Unfortunately, insufficient incentives, siloed data, misaligned stakeholders, and other market failures have impeded the identification of all potential uses for all drugs, especially low-cost, generic drugs. The incomplete utilization of existing drugs and focus on new, expensive drugs has a disproportionately negative impact on individuals in areas with reduced access to medicines.
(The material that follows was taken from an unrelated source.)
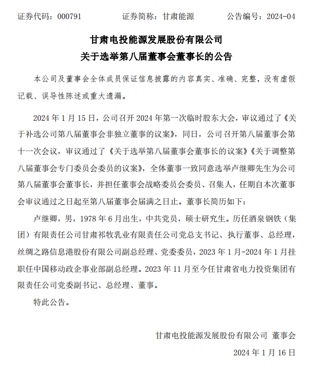 1月16日,甘肅能源發(fā)布公告,選舉盧繼卿先生為公司第八屆董事會董事長,并擔(dān)任董事會戰(zhàn)略委員會委員、召集人,任期自本次董事會審議通過之日起至第八屆董事會屆滿之日止。

Society needs a systematic effort to identify the most promising drug repurposing opportunities and bring them to patients, which would save precious lives and enormous costs.

Progress Update

Every Cure is currently scoring and ranking all drugs and diseases to find the most promising repurposing opportunities. The organization has secured foundational funding for operational infrastructure as well as project-specific federal funding. Fortunately, this funding has enabled the expansion of planned activities from the original selection of 7 opportunities to 25 opportunities. This expansion has also lengthened the timeline to allow for more thorough development and evaluation of the AI platform. The commitment will therefore continue beyond September 2025.

Partnership Opportunities

Every Cure is seeking $15.8 million USD to initiate buildout of the open-source database by the end of 2022 and launch the first clinical trial of the most promising drug repurposing opportunity within 18 months. Separate from this Commitment to Action, Every Cure is seeking an additional $45M to perform clinical trials of the next 15 most promising drug repurposing opportunities ($1-5M per drug-disease) . Every Cure is also seeking access to proprietary medical data and data analytic tools (e.g. medical record data, network data on published studies, and drug/disease database data) , partnerships with disease research organizations and biopharmaceutical companies to evaluate potential repurposing opportunities and/or collaborate on clinical trials, data resources such as cloud computing, and legal services, marketing fees, and office space to lower costs so that funding can be focused on treatment discovery and saving lives., Every Cure is offering the below resources and/or services as part of partnering. Every Cure is offering disease research organizations the opportunity to utilize insights and potentially receive financial resources for collaborative clinical trials. Partners providing access to proprietary medical data and analytic tools will be highlighted publicly for their contributions and given preferential access to insights. Biopharmaceutical companies contributing medical data and insights will be profiled publicly and engaged to generate meaningful insights. Anchor fundraising partners will be highlighted in all materials and media engagements.